Last week, The Secrets of Jonathan Sperry made a stealth opening at one Salt Lake Valley theater; today, Letters to God opens at several theaters. Both are films aimed at a Christian audience, and like most films of this kind, the distributors didn't go out of their way to make them available to the press in advance. That's just one part of a marketing strategy that's about as targeted as marketing gets in the film distribution biz. They target churches and Christian-oriented Websites, not really bothering to spend their limited resources on big newspaper ads or screenings for critics. And for a lot of these films, it's a strategy that works.

It also betrays exactly what these movies are: the kind of "art" that makes viewers feel warm and fuzzy about what they already believe to be true. Back in 2007, I wrote a piece for the now-defunct Screengrab blog at Nerve.com (the link is dead as well) about how depressing it is that the entire subject of faith has largely been abandoned by serious filmmakers, and left in the hands of hacks pandering to true believers -- but also that this isn't a terribly different phenomenon from left-leaning documentary filmmakers churning out one redundant Iraq-themed documentary after another.
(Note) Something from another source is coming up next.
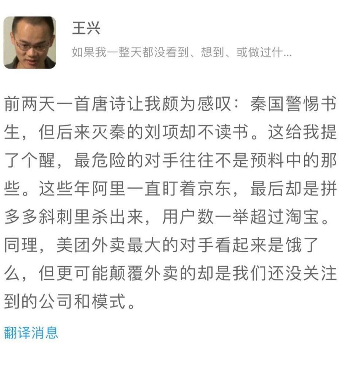 对于“一诗激起千层浪”,王兴据报删除了文章,并发文解释,指引用《焚书坑》诗句的原意是希望提醒自己,最大的敌人可能并不是竞争对手,而是一些“没有关注到的公司和模式”。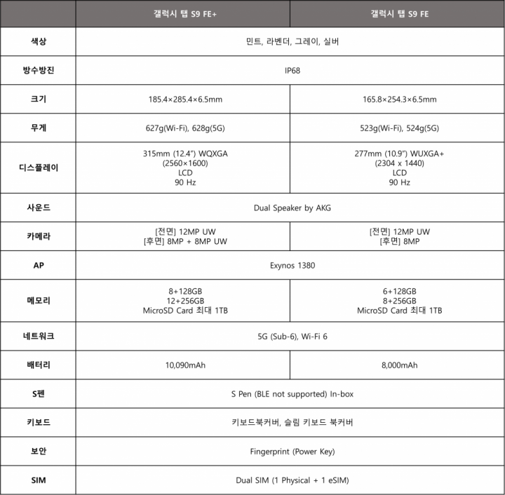 삼성전자, ‘갤럭시 탭 S9 FE·갤럭시 탭 S9 FE+’ 국내 출시

In neither cases are the audiences really looking to be challenged. Which, from a fiscal standpoint, is fairly savvy, as annoying as it is for those who don't just want to be stroked.
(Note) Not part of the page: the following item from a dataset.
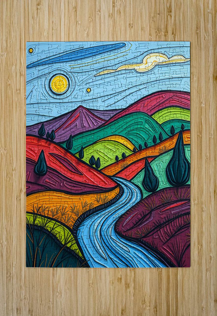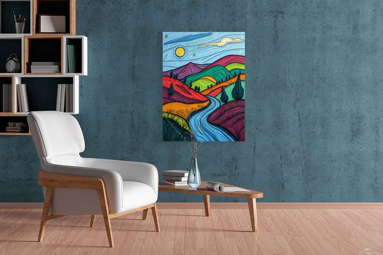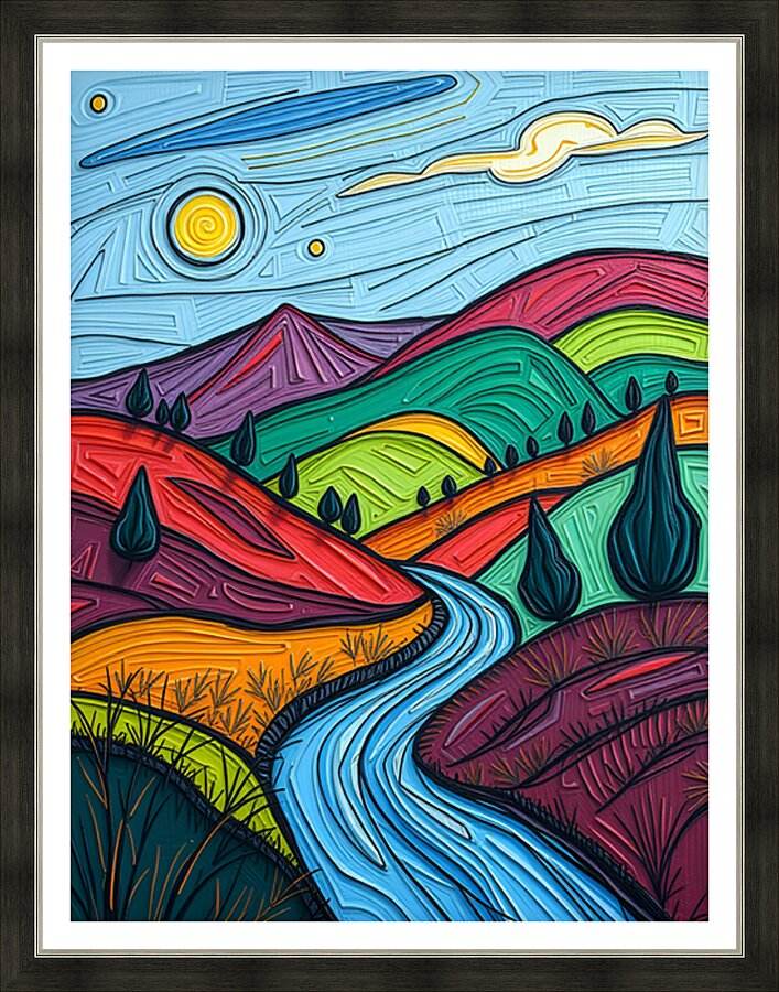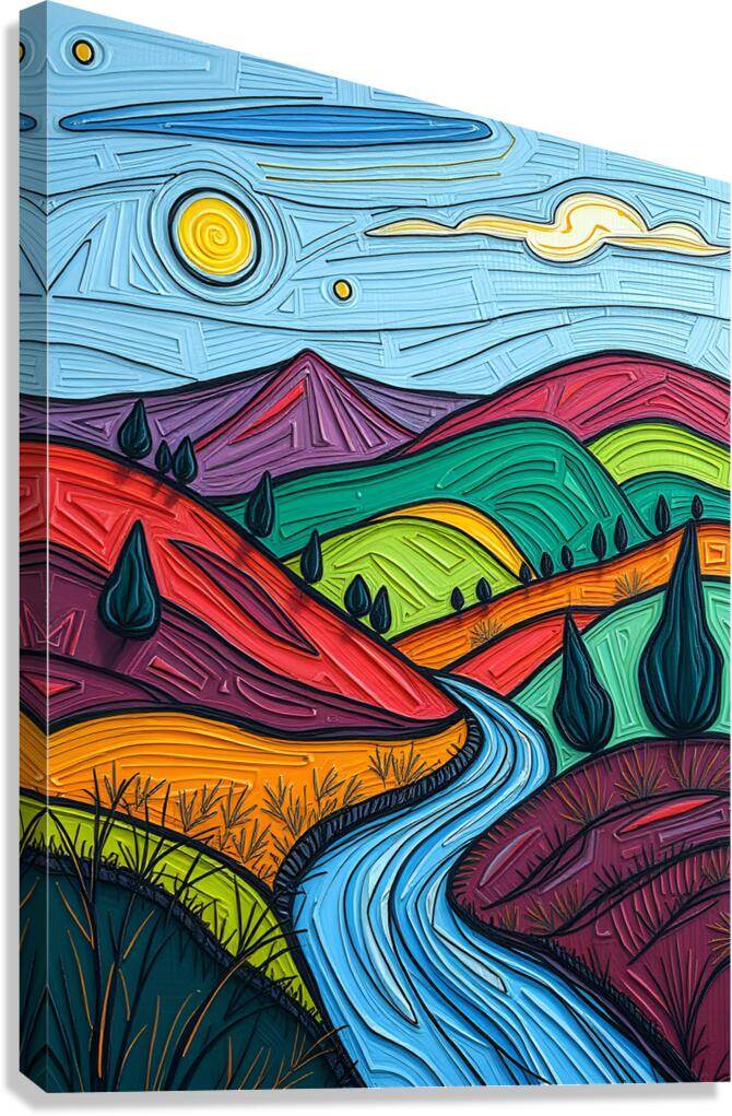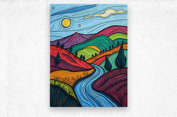 The artwork employs dimensional relief rendering to create sculptural depth through layered contour lines, suggesting carved or embossed surfaces. The color palette utilizes high-contrast combinations—vibrant teals against hot pinks, lime greens against deep purples—creating visual energy and movement. The sky features organic swirling patterns with a golden spiral sun as focal point, while flowing forms suggest clouds or atmospheric energy. A winding blue river creates strong compositional flow through the center, bordered by rolling hills rendered in alternating warm and cool tones. Stylized cypress trees in dark teal provide vertical elements and scale. Directional line work within each colored field creates textural richness and suggests natural terrain contours. The composition successfully balances dynamic movement with structural organization.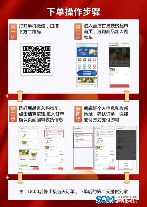“防疫套餐”送貨上門惠民行動從2月9日開始試運行,2月10日第一批蔬菜貨物正式送到家。家住在康定市新老城區(qū)的市民,只需通過掃描電子宣傳單的二維碼,進入圣潔甘孜扶貧超市首頁,選購商品加入購物車,點擊結算,進入訂單確認頁面編輯收貨信息,之后確認訂單選擇支付方式支付即可。當天下單,最遲第二天就能在家免費收貨。

For all I know, The Secrets of Jonathan Sperry and Letters to God are both brilliant, complex examinations of this uniquely human experience of belief, doubt and desire for the transcendent. Or maybe they're just okay. Or worse. But the fact that they sneak into town with little desire to cast a wide net casts some doubts on how they'd play to anything but a cherry-picked audience. The best and brightest of the world's filmmakers have largely abandoned this theme, exceptions like Utah independent filmmaker Richard Dutcher notwithstanding. And since nature -- and the pious -- abhor a vacuum, mediocrity has rushed in to fill it. God help those of us who long for something with a little more substance.